Feldman explains that she went into “crisis mode,” grappling with the sudden, dramatic shift in her relationship with her mom and trying to meet her mom’s needs without any existing local support system for herself. Feldman soon got confirmation that her mom had Alzheimer’s disease, a neurodegenerative disease that had also affected Feldman’s grandmother and great-grandmother. Following her mother’s diagnosis, Sara moved her mother across the country to live with her and her roommate in Michigan. She says that the biggest challenge was, and is, being isolated. “There’s a lot that goes on that’s unseen and unknown. Caregiving is not just about running errands, managing household tasks, and assisting with daily activities, it’s also about spending time with the person and making sure they feel like they’re part of a community when they can’t do that independently.” 

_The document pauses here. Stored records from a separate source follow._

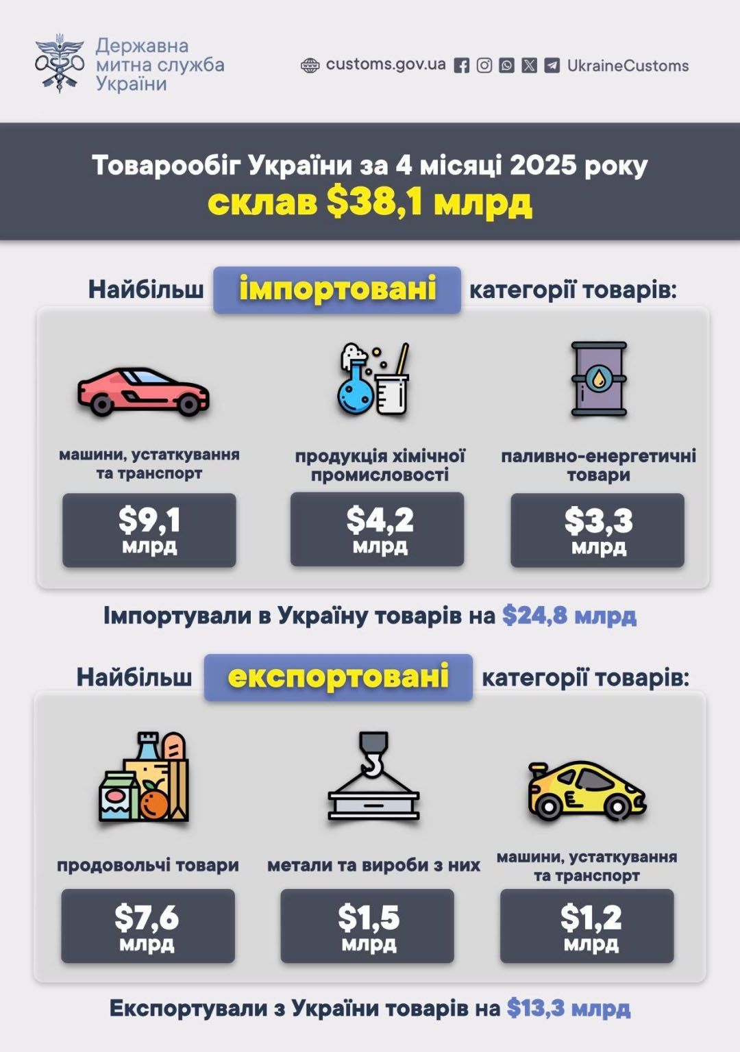 Зазначається, що за перші чотири місяці 2025 року Україна імпортувала товарів на 24,8 млрд дол. США, а експортувала товарів на 13,3 млрд дол. США.
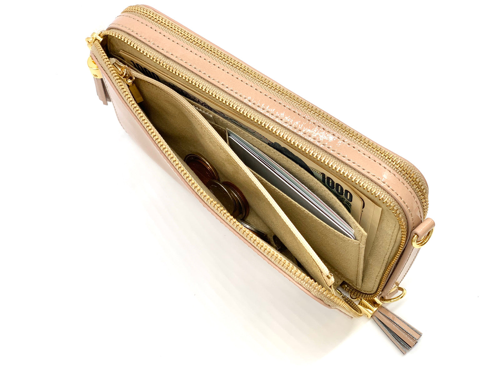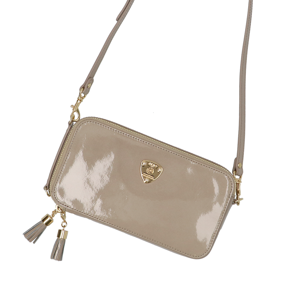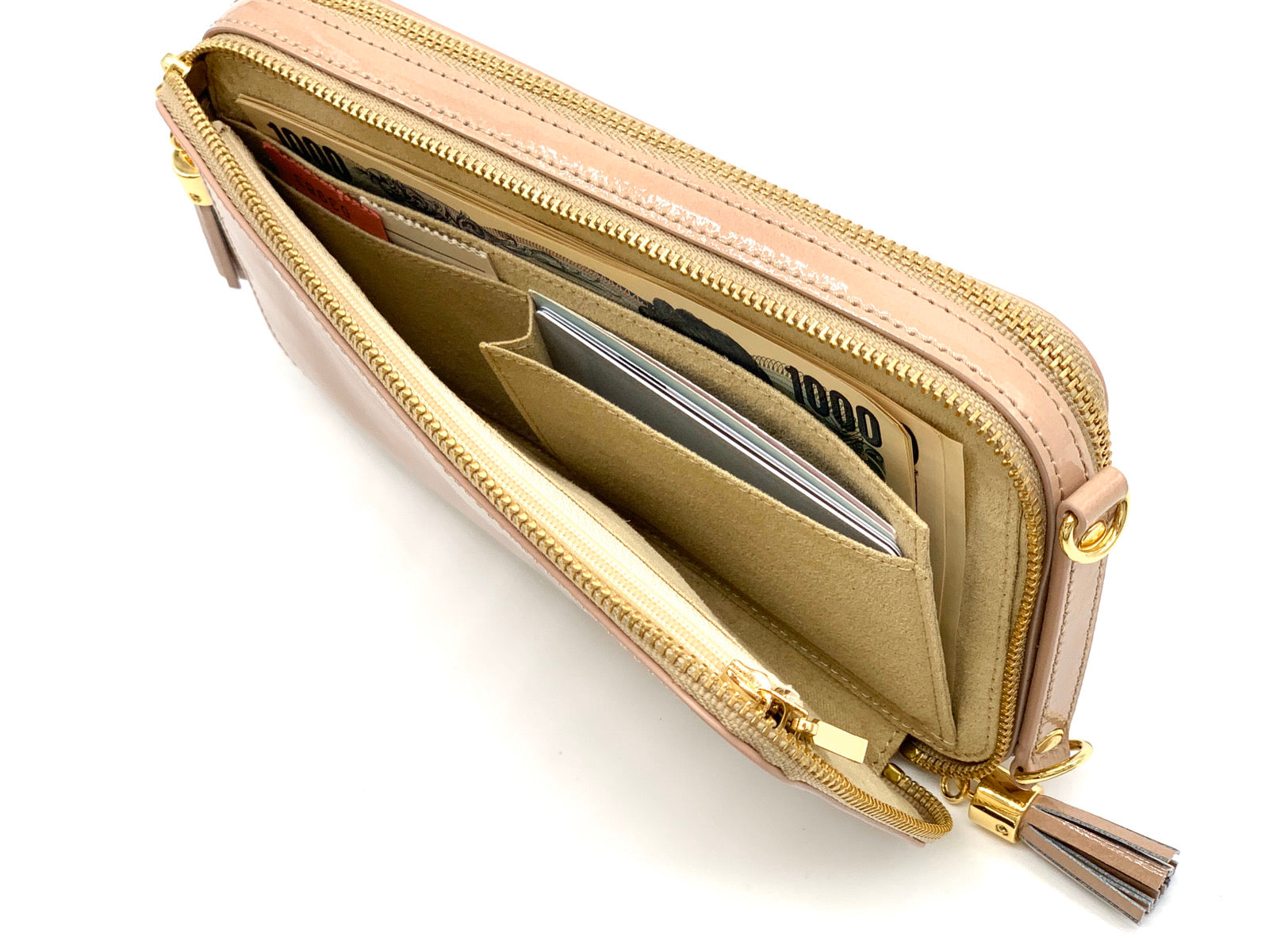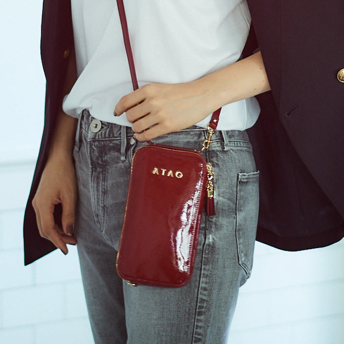 ATAO(アタオ)(あたお)の大切な貴重品を守るという意味を込め名付けられたお財布ポシェット(スマホポシェット『アミュレット』。(ウォレットポシェット)(モバイルバッグ)(スマホポシェット)思いやりや優しさを育むと言われる『ローズクォーツ』、勝利を呼び幸福をもたらす『ルビー』、愛と献身を意味する『エメラルドグリーン』、長寿や健康を意味する『パールグレージュ』の全4色。(エナメルレザー)(カウレザー)(牛革素材)(肩がけ)(斜め掛け)(ショルダーバッグ)(ミニバッグ)(マイクロバッグ)(クラッチバッグ)(あみゅれっと)(お財布スマホポシェット)(モバイルポシェット)(スマホショルダー)
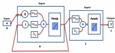 It can be shown from Figure 3 that the L-RNN consists of an input layer, a hidden layer, an output layer, and one supplementary background layer where the feedback output from the hidden layer have returned to hidden layer. The tangent sigmoid function (Eq. (1)) is activated in the hidden layer and the linear transfer activation function (Eq. (2)) is used at output layer.
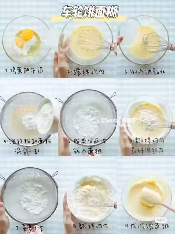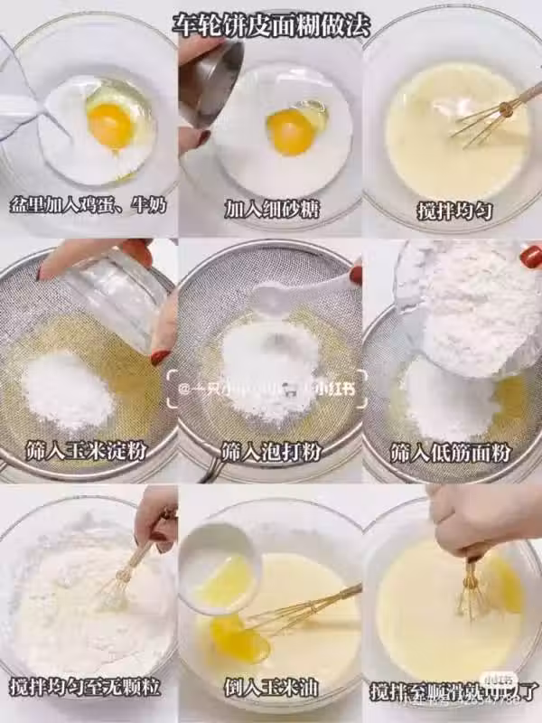 下圖為車輪餅的全部做法,大家只需要跟著圖文學習就行咯!
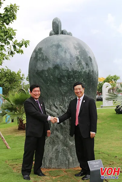 PTT Phạm Bình Minh bên bức tượng KHỞI NGUYÊN của chủ nhà Việt Nam
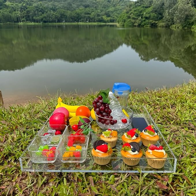 - Multifunctional: Serving tray for serving breakfast, appetizers, coffee, drinks, desserts, snacks, fruit, cheese, food; Decorative organizer tray for cosmetics, jewelry, remote, glasses, ornaments, magazines, Tray can be put on an ottoman, bed, coffee table and couch, It’s elegant to be put on any tabletop or countertop as an accessory

Institutional barriers added to Feldman’s challenges: supports, like subsidized daycare, for students who are primary caregivers for children, spouses, and other family members are limited. While federal and state subsidies can offset some of the costs of childcare, similar supports are often not available to those like Feldman who are caregivers of spouses or other family members. Some course instructors were open to having Sara’s mother attend classes as needed depending on adult day program availability, while others quoted institutional policies and expressed that each person attending a course needs to pay tuition or that it would make the instructor or classmates uncomfortable. Feldman adds, “I always have to explain myself. I have experienced many barriers to accessing the support and resources that I need because my story of caregiving for an aging parent with a disability doesn’t fit into the criteria that’s traditionally recognized and accepted.”

As Feldman neared the completion of her master’s degree, she grappled with the decision of securing a full-time job, which would likely mean making 80k per year and devoting 50k to full-time care for her mom. The situation forced Feldman to be vulnerable and seek guidance from faculty and staff. Feldman reflects, “I’m stubbornly independent, but I knew I couldn’t do this on my own, and particularly because I was living in a state where I’m not from and where I had no established community.” For Feldman, being a caregiver has meant a constant negotiation between supporting her mom and not losing sight of her professional development. Faculty encouraged her to persist and pursue a PhD; now, Feldman is more than halfway through her doctoral studies in Health Behavior and Health Education in the University of Michigan’s School of Public Health, and in 2020, she was named a CEW+ Margaret Dow Towsley Scholar.

Feldman has remained determined despite knowing that “I can’t always align the times I provide care with the times I need to be present or on as a student.” Motivated by her family history of Alzheimer’s disease, Sara’s research is focused on Alzheimer’s disease and the impact that early identification of the disease in the brain (which is feasible through neuroimaging long before any symptoms are present) may have on people at-risk of developing the disease and family members who are likely to be future caregivers. While Feldman has been inspired by her family’s experiences with the disease, she adds, “I want my work to be focused on the broader implications of early disease identification and testing for society and public health. Alzheimer’s affects 10% of the older adult population in the US; clearly my experience is not unique.”

Above all, Feldman is honored to have the opportunity to give back to people she loves as well as help to forge a path for future caregivers. “I’m exhausted; getting a PhD is challenging and requires persistence, but I have the joy of waking up every day and spending time with my mom,” she says. “After living in Michigan now for 5 years, I get to be part of a community that is supportive and part of a growing, novel field that I think will make a big contribution.”